Improving upon the ideal gas law


The ideal gas law,

PV = nRT

where P = pressure, V = volume, n = number of moles of gas, R = the molar gas constant, and T = Kelvin temperature), is an extremely useful relationship. For the most part, it is quite accurate and will suffice for most types of calculations.

The ideal gas law is, however, built on a few key assumptions about gases that may not hold for all gases.

The table below lists some of the key assumptions and how they can fail.

Below, we'll consider another gas equation, very much like the ideal gas law, that can account for some of these non-ideal behaviors.


Assumptions used to develop the ideal gas law and how they can fail

Assumption Real gas behavior
Gas particles have no volume Gas particles are atoms of finite size; all have measurable volumes.
Gas particles are hard spheres Gas particles are surrounded by electron "clouds," which can be deformed, polarized &c.
Collisions between gas particles are elastic. Gas particles have a finite attraction for one another, making collisions somewhat "sticky."
There are no attractive or repulsive forces between gas particles or with the walls of the container. Intermolecular forces, attractive or repulsive, can be quite strong between certain atoms & molecules

The van der Waals equation


In about 1873, Johannes Diderik van der Waals devised a new state equation for gases based on some logical assumptions about how real gases behave.

Later efforts used the principles of statistical mechanics to derive the equation. That's beyond the scope of this page, but we can still take a look at the equation and rationalize its parts. Here is the van der Waals equation:

$$\left( P + \frac{an^2}{V^2} \right) (V - nb) = nRT$$

Notice how similar it is to PV = nRT. It's just that the pressure and volume terms have been modified a bit. Here's another look:


van der Waals included two adjustable parameters in his equation, a and b, to represent the finite size of gas particles (b) and a characteristic "stickiness" or attraction between particles (a).

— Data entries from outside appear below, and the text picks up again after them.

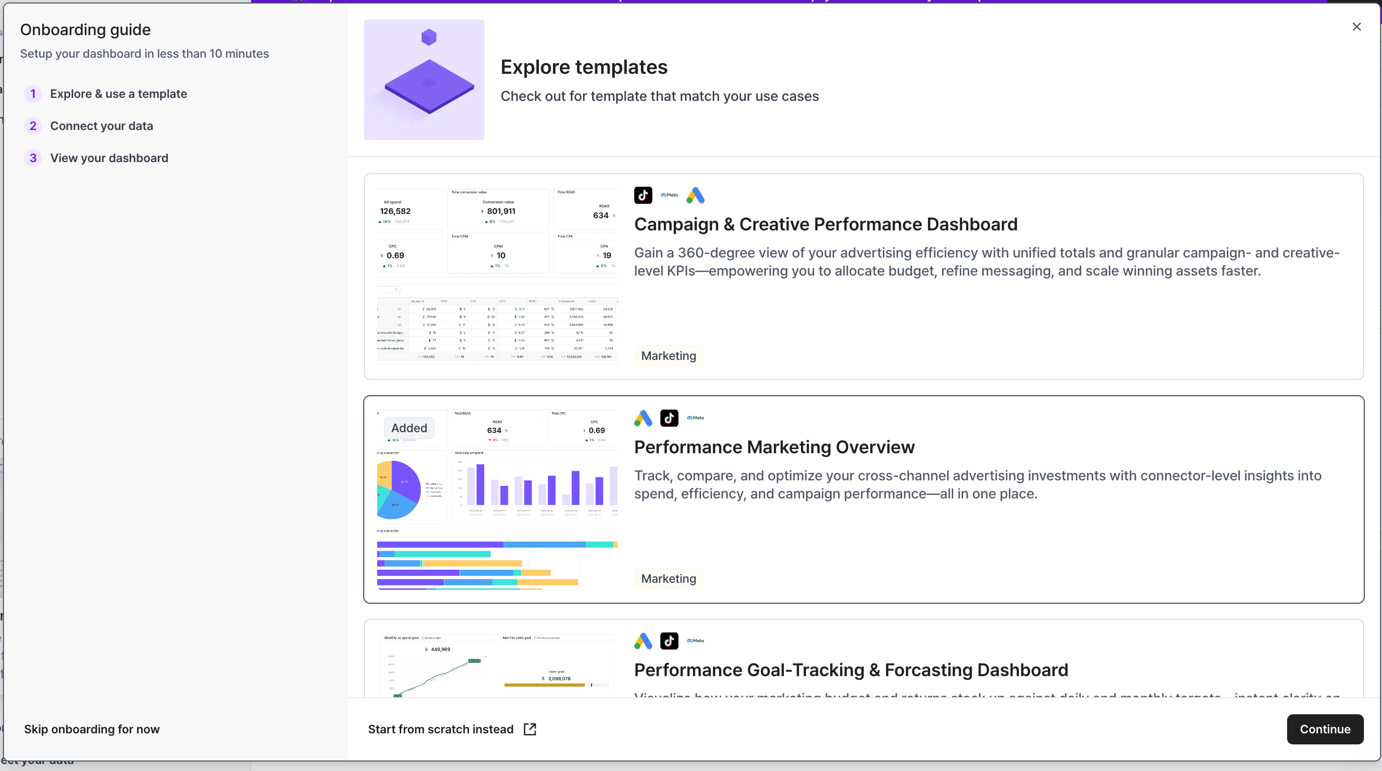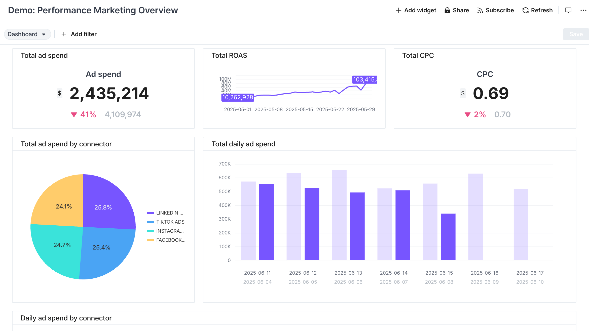When you create a new team, we’ll automatically add demo dashboards and a data model β€” no setup or connection needed.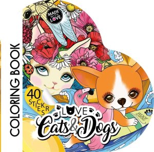 Kolorowanka dla dzieci w kształcie serca, z magicznymi zwierzątkami. W zestawie 40 naklejek.
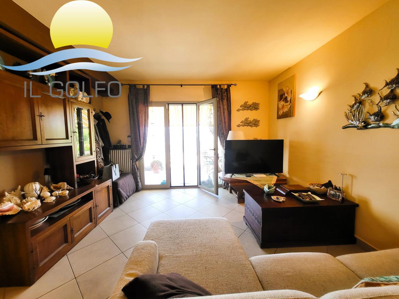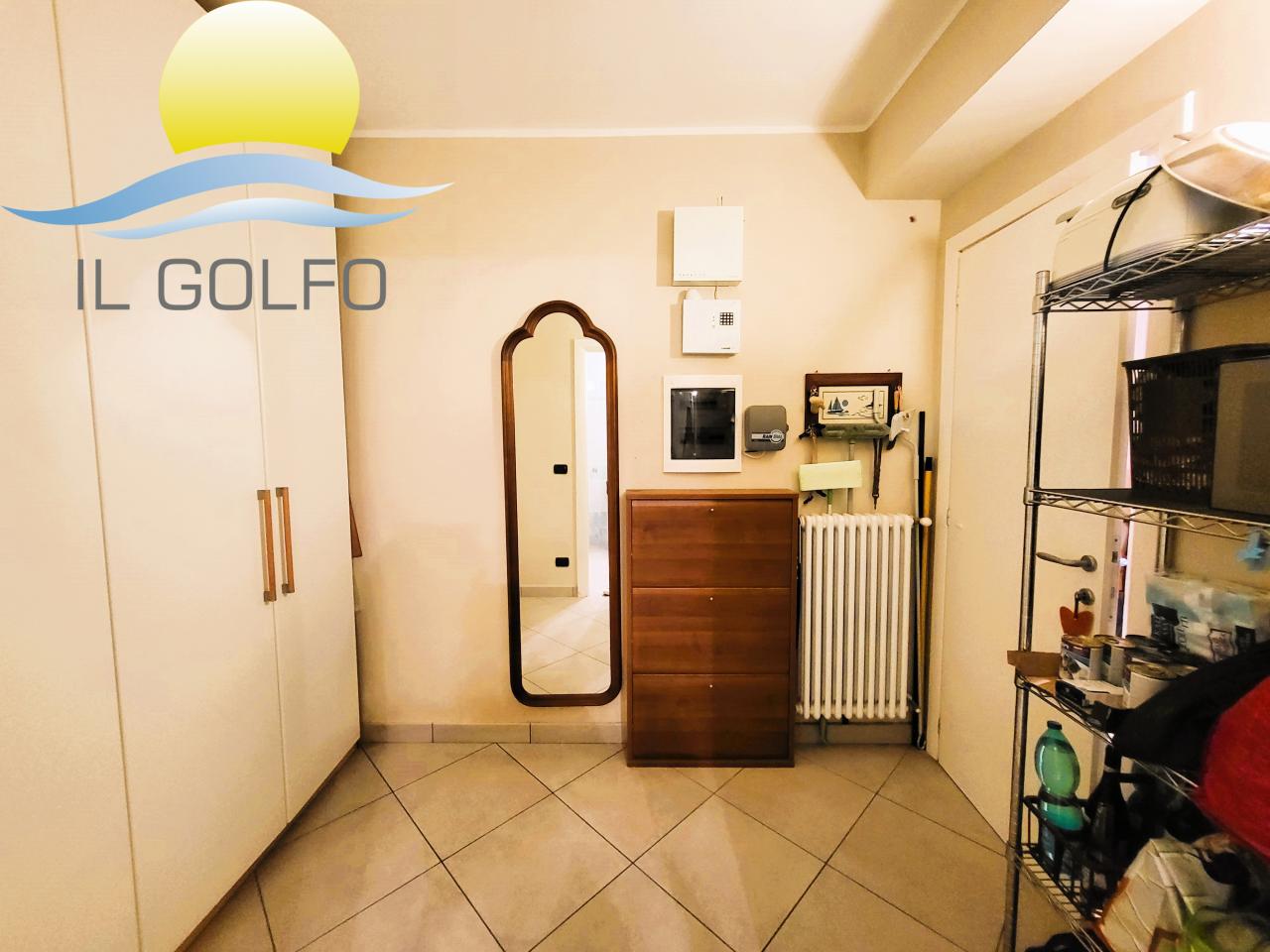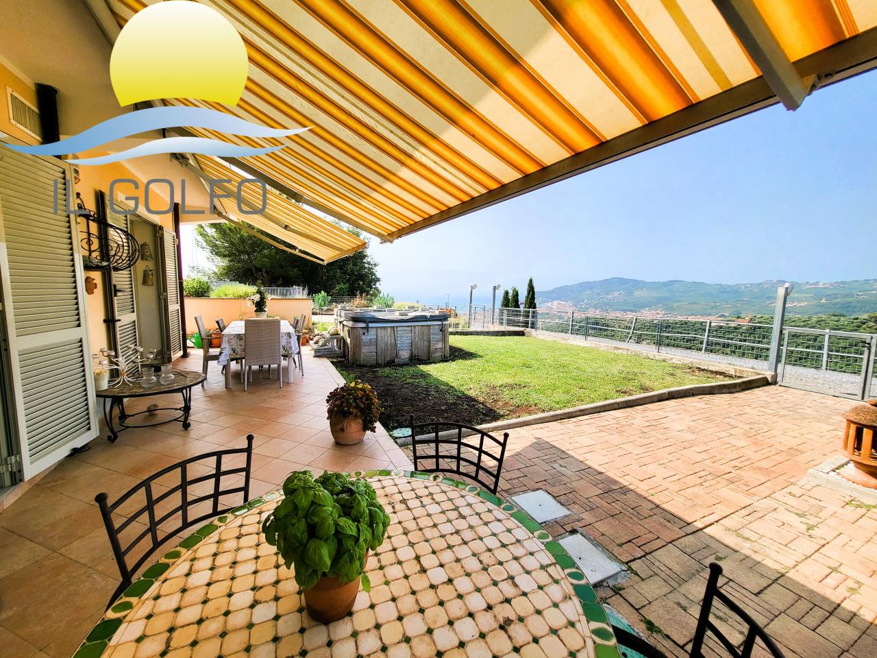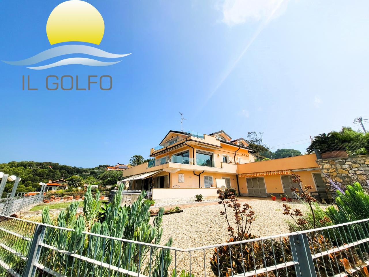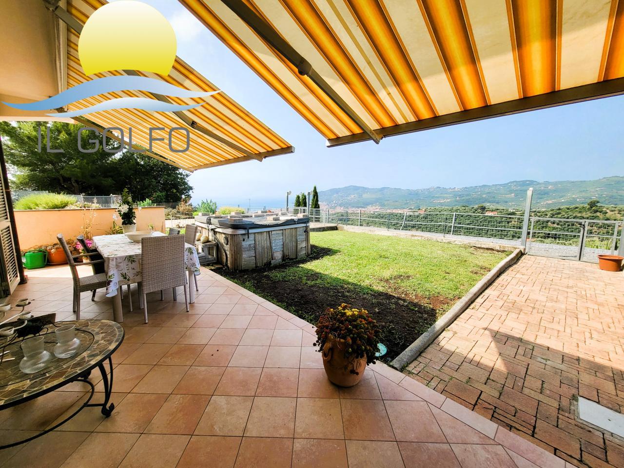 L'Immobiliare Il Golfo propone in vendita a Diano Castello in zona Monade (parte alta - 2 km dal mare) stupendo trilocale in villa di recente costruzione posto al piano terra e dotato di meraviglioso giardino con vista mare. Il trilocale si trova in una villa con poche unità abitative ed è composto da ingresso nel grande giardino privato in parte terrazzato e dotato di tende da sole, dove si può godere di una splendida vista mare aperta! Entrando troviamo la zona giorno con soggiorno e cucina open space, una camera da letto matrimoniale, una cameretta ( visibile una parte di cameretta---> in foto non arredata ---> la finestra è sostituita con una classica finestra 2 ante), un grande antibagno che è stato arredato a cabina armadio ed un bagno, molto spazioso, dotato di doccia. Il riscaldamento è centralizzato con un unico bombolone GPL, ma provvisto di singoli contatori per ogni abitazione, quindi a consumo. E' presente l'aria condizionata. Le spese condominiali annue sono di circa € 300.00 + ogni biennio € 400,00 per la potatura delle piante condominiali. Completano la proprietà n.2 posti auto, adiacenti all'abitazione e situati all'interno del cortile chiuso condominiale. Posizione dominante sul Golfo Dianese, vista stupenda, trilocale conforme alle normative vigenti. Per maggiori informazioni chiedere del rif. 10176

Let's try to unpack the equation a bit. First notice that if both a and b are zero, we're right back to the ideal gas law.

In the first parentheses, the pressure is augmented by a term proportional to parameter a and the square of the number of moles of gas, and inversely proportional to the square of the volume. This reflects the fact that real gases, which have some amount of inter-particle attraction, are more compressible than ideal gases. In small volumes, the term added to the pressure can be relatively large.

In the second parentheses, The volume available to the gas (the volume of the container) is reduced by the finite volume of the gas particles, where b is the volume taken up per particle.

Here is a limited table of van der Waals a and b parameters for some common gases.

Gas a (L2·atm·mol-2) b (L·mol-1)
N2 1.39 0.0391
O2 1.382 0.03186
CO2 3.658 0.04286
H2O 5.537 0.03049
He 0.0346 0.0238
CCl4 20.01 0.1281
SF6 7.857 0.08786
Xe 4.192 0.05156


Example – water


Here is an example of the difference between ideal gas behavior and more realistic behavior, as modified by the van der Waals equation. The graph shows pressure vs. volume for a mole of water molecules at 300K.

Beyond a volume of about 1 Liter, both the ideal gas law (black curve) and the van der Waals equation give approximately the same result. Namely, for a given volume, the pressure is roughly the same. But as water is further compressed, notice that the pressure decreases dramatically. This is due to the intermolecular attraction for water molecules for each other. Ultimately, that behavior leads to complete condensation into the liquid state, in which few water molecules are able to contribute to pressure on the walls of a container.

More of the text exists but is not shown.